**PROVIDED ENTRIES:**
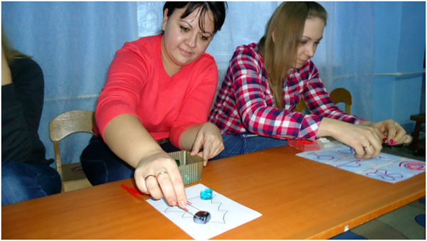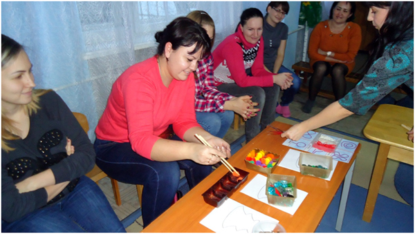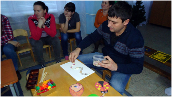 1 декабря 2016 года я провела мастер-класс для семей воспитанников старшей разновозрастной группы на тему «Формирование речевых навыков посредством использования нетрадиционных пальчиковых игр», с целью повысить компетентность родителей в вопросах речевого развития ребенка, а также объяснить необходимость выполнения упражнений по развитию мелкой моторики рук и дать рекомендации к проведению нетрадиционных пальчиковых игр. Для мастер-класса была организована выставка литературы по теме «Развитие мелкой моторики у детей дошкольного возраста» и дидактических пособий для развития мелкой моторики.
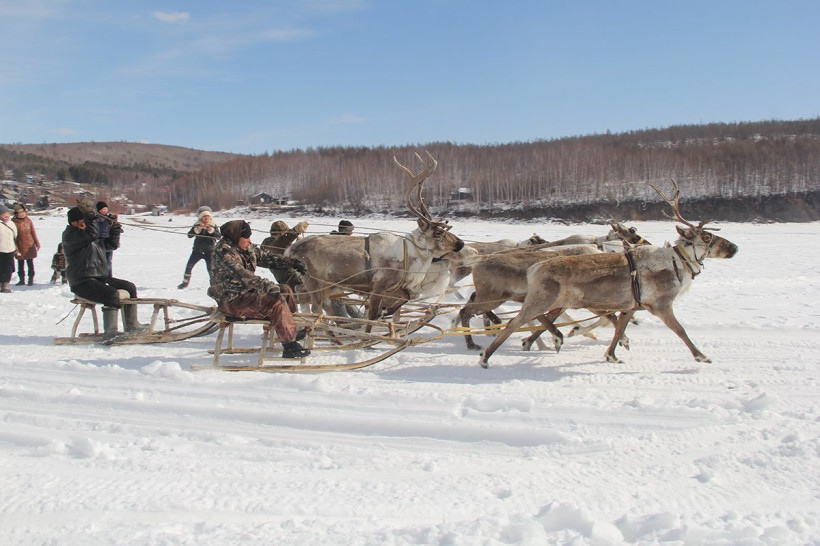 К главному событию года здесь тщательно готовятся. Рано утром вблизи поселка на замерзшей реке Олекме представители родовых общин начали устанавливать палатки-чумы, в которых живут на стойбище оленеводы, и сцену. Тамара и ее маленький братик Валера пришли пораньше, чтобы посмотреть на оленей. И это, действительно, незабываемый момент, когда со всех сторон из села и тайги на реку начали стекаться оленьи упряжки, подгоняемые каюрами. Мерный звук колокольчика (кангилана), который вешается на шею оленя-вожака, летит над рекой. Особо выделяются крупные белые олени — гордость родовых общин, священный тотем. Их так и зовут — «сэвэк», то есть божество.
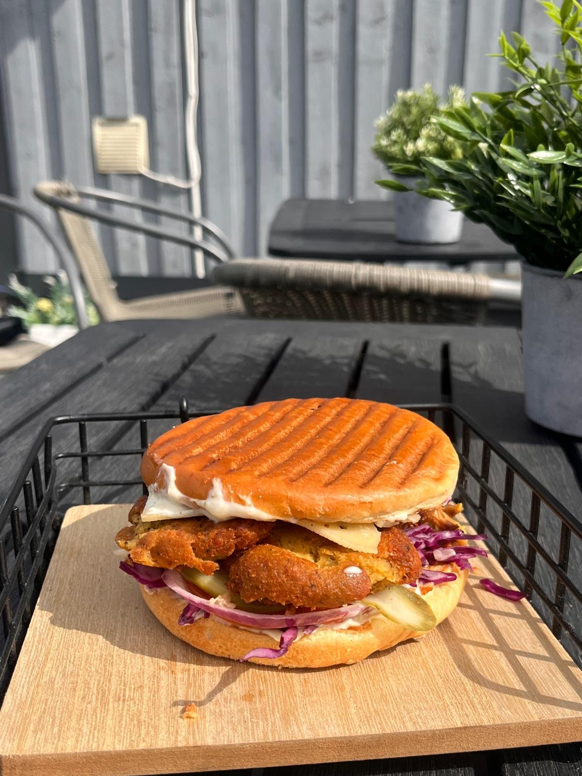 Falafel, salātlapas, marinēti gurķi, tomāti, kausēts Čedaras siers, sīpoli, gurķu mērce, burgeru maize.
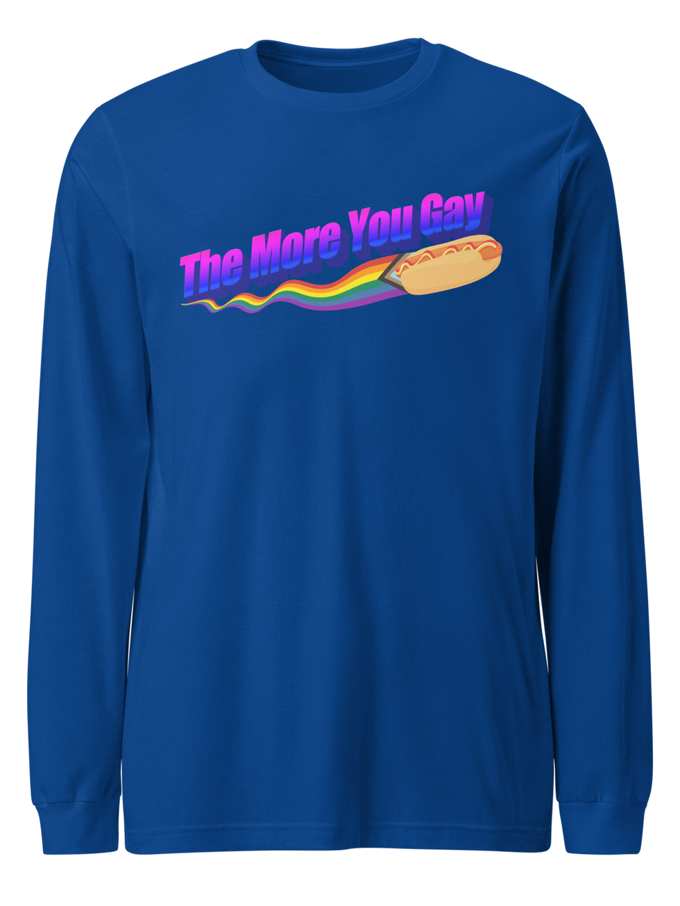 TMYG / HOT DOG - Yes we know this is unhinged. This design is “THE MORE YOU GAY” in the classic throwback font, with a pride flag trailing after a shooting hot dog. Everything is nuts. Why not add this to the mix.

* * *

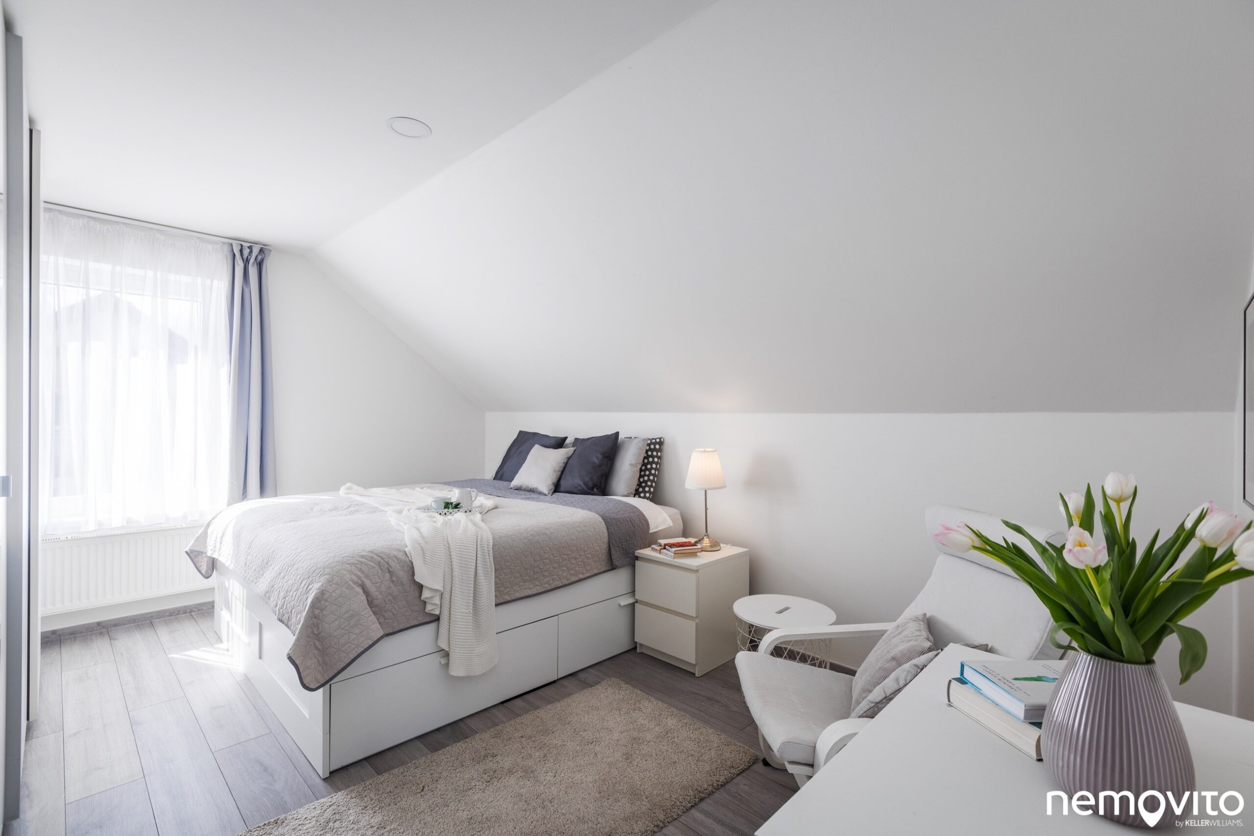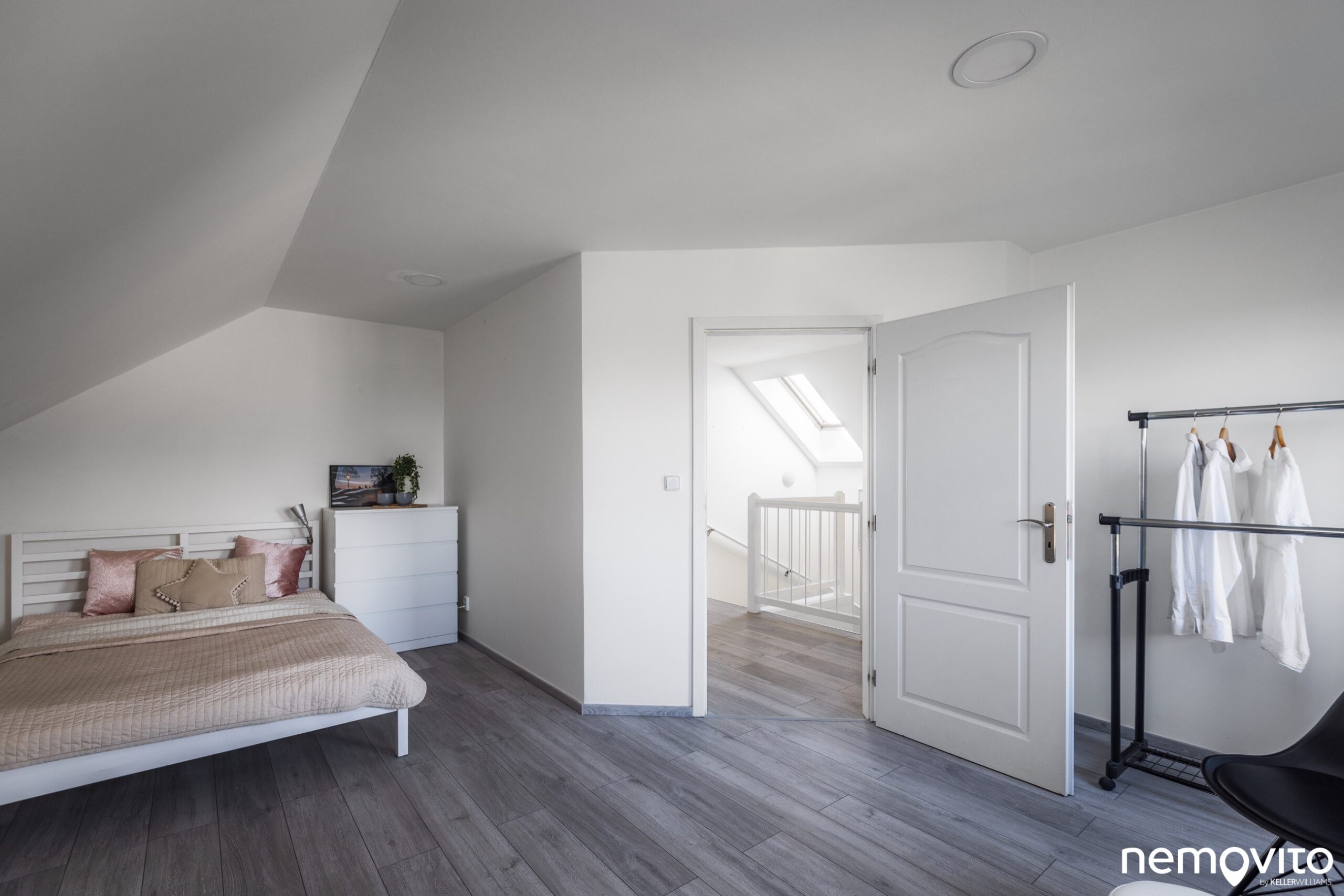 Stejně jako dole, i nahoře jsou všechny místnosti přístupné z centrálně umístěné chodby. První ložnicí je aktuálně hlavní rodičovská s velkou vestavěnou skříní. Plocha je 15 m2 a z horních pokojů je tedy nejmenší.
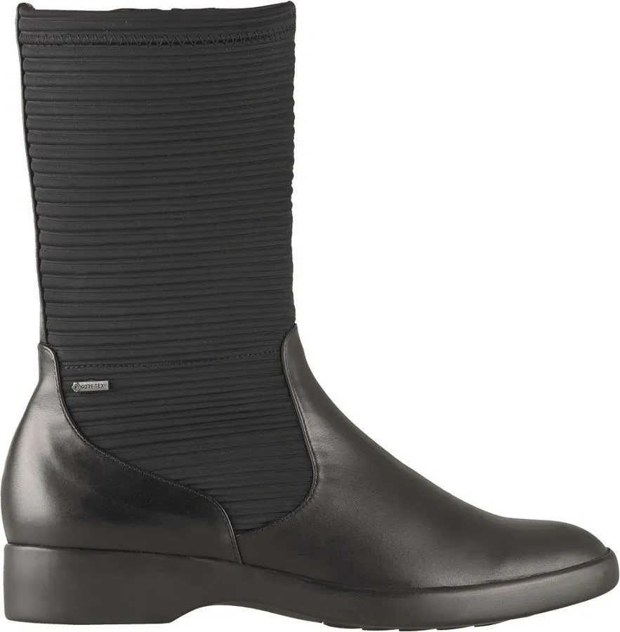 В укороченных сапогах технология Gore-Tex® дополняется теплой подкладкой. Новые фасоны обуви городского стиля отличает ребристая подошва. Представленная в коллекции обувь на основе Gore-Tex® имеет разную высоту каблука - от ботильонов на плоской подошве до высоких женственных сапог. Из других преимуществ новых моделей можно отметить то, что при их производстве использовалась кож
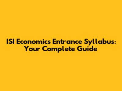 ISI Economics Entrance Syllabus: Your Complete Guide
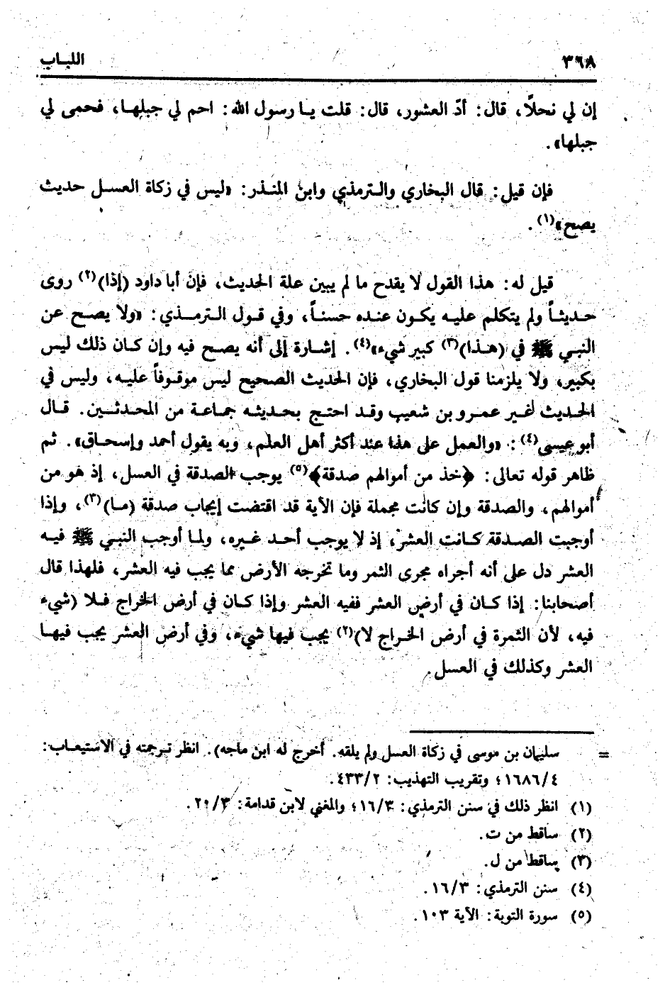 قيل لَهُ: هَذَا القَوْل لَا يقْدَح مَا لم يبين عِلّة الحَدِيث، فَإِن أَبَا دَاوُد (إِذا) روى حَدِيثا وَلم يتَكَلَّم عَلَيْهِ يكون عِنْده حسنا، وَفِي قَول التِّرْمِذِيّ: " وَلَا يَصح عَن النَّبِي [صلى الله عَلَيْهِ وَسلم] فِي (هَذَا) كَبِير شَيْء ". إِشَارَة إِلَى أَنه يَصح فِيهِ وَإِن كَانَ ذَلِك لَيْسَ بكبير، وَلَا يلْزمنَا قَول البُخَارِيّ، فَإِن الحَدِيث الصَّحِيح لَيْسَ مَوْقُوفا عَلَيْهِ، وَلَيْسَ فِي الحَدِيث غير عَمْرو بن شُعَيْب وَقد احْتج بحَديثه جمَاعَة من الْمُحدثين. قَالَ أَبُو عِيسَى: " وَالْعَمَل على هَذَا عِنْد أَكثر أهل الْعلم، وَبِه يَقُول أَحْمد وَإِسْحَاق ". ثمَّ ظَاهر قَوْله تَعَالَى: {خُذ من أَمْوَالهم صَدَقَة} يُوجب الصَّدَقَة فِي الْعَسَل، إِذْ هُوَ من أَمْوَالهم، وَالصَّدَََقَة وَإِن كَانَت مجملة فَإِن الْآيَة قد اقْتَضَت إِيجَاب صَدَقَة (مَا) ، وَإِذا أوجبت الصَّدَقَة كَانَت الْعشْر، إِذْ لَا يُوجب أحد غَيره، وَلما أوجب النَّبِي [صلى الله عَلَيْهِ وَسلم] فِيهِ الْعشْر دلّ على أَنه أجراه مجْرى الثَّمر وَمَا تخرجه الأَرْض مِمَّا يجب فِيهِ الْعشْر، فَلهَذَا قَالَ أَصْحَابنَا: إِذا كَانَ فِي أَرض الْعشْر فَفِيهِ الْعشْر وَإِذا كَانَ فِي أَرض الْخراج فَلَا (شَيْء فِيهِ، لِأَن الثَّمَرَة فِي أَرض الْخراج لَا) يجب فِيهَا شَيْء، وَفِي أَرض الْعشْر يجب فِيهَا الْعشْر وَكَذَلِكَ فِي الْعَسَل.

**GOAL OF THE EXERCISE:** Pictures aside, print exactly the lines above starting with the one containing "Falafel, salātlapas, marinēti" and going on through the one containing "TMYG / HOT DOG".

**COMPLETED EXERCISE:**
 Falafel, salātlapas, marinēti gurķi, tomāti, kausēts Čedaras siers, sīpoli, gurķu mērce, burgeru maize.
 TMYG / HOT DOG - Yes we know this is unhinged. This design is “THE MORE YOU GAY” in the classic throwback font, with a pride flag trailing after a shooting hot dog. Everything is nuts. Why not add this to the mix.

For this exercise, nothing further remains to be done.